My struct arrays benchmark generated a fair amount of discussion on reddit, with some people disputing the benchmark’s validity. Certainly I’m not claiming that Factor is faster than Java HotSpot in general (on most tasks it is slower, sometimes much more so), however I think the benchmark legitimately demonstrates the performance advantage of value semantics over reference semantics.

A few people pointed out that the Java version of the benchmark was spending a lot of time in trigonometric functions, and that Java computes sin and cosine “by hand” rather than using x87 FPU instructions. However, the same is also true of the Factor implementation, its just that none of the Java advocates bothered to check. I don’t use x87 instructions either, and call into libc for sin and cos, just like Java. Indeed, Factor’s sin and cos are even more heavyweight than Java’s, because they also support complex numbers; Factor’s compiler converts them to their real-valued equivalents if it can prove the inputs are real.

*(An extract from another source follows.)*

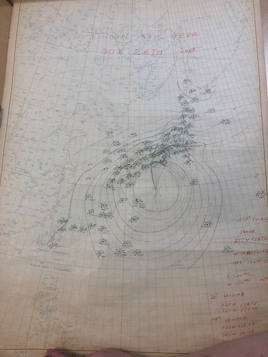 (饒村さん所蔵:伊勢湾台風襲来時の天気図)
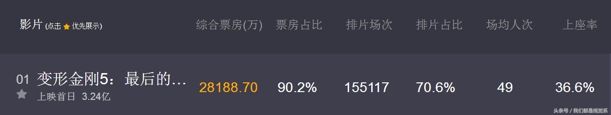 变形金刚5毫无意外的取得昨天的冠军,排片占比达到百分之70。排片场次1万5千场,场均人数达到49人。票房砍下2.8亿,败给了当时速8上映时候的4.1亿。但这数据还是相当漂亮的。

Despite this, I modified the benchmark to not call trig functions, and instead just initialize each point as (n+1,n+2,(n+3)*(n+3)/2). Factor is still faster by roughly the same margin as before:

Java	829ms (best run out of 8)
Factor	284ms

A few people also mentioned that by only running the test 8 times I wasn’t giving HotSpot enough time to “warm up”. However, the benchmark does not make any polymorphic calls in the inner loops, so there’s really no “warm up” needed at all; and indeed I got the best time on the third iteration.

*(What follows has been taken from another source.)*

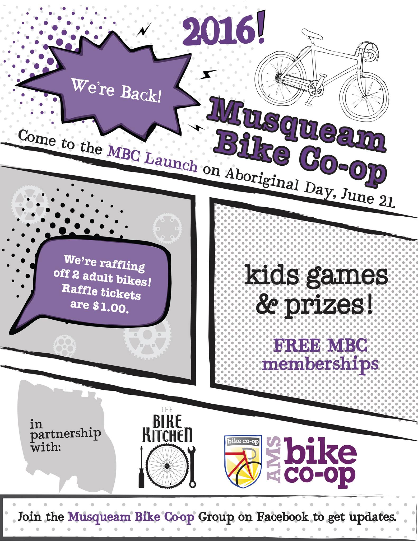 By: MBCThe 2016 Musqueam Bike Co-op (MBC) is launching for the summer on Aboriginal Day, June 21! We'll be playing games, giving away prizes and MBC memberships, and we are raffling off two adult bikes! Come by and get a membership, sign up to volunteer, and get raffle tickets! We will not be doing repairs or tune-ups for the launch. See you at the Aboriginal Day celebrations!

I improved Factor’s code generation for trigonometric function calls. Trig function calls are treated like instructions by the low-level optimizer now, which means they participate in value numbering and do not split basic blocks. Instead, the register allocator spills all live registers at the call site at the very end of code generation. This strategy does not work in general for all FFI calls, because the case where the FFI calls invokes a Factor callback needs additional runtime support. However, neither sin nor cos do this. After implementing this, I noticed that my struct-arrays benchmark was calling sin() twice on the same input, and value numbering was folding the second call away. Neat optimization to get “for free”.

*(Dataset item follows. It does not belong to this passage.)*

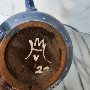 Artist Signed Vintage Blue Art Pottery Pitcher Floral Love Birds Boho Folk Art. Pitcher measures 4.5" tall by 6.5" wide. Capacity is around 2 cups. No chips or cracks. Beautiful folk Art piece. This vintage hand-painted blue art pottery pitcher features a delicate floral love bird motif, signed by the artist. A one-of-a-kind folk art piece, perfect for boho-style decor, farmhouse settings, or as a unique gift. Adds retro charm to any space.
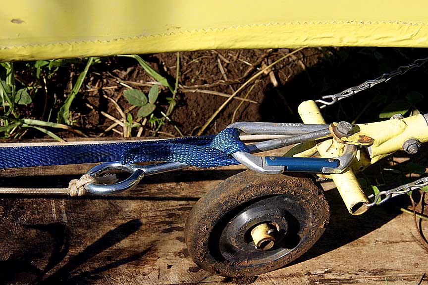 Shortly, there arrived a package from The Acme Gravity Catapult Co. (Beware of coyotes bearing gifts...). First, I dug out shallow pits for the main gear. This stopped the plane from rolling with the engine off... Next I drove a fence post three feet aft of the rudder. Hooking a blue nylon strap to the post, I looped the other end of the strap through a carabineer hooked to the tail wheel and jammed the loop with a large metal pin. Next, I tied a white nylon line to the pin, then ran the line back to the fence post, around a pulley, and then forward to the cockpit via a piece of PVC pipe nailed to the ground. (Thank-you Mr.Goldberg)

This code generation change improves performance of both the struct-arrays and partial-sums benchmarks:

Benchmark	Before	After
struct-arrays	1483ms	749ms
partial-sums	1233ms	938ms

Here is the disassembly for benchmark.struct-arrays with this optimization performed, and this is the patch.

For what its worth, Java HotSpot runs the partial-sums benchmark in 1293ms. Hopefully HotSpot’s trig function call performance will receive some attention at some point.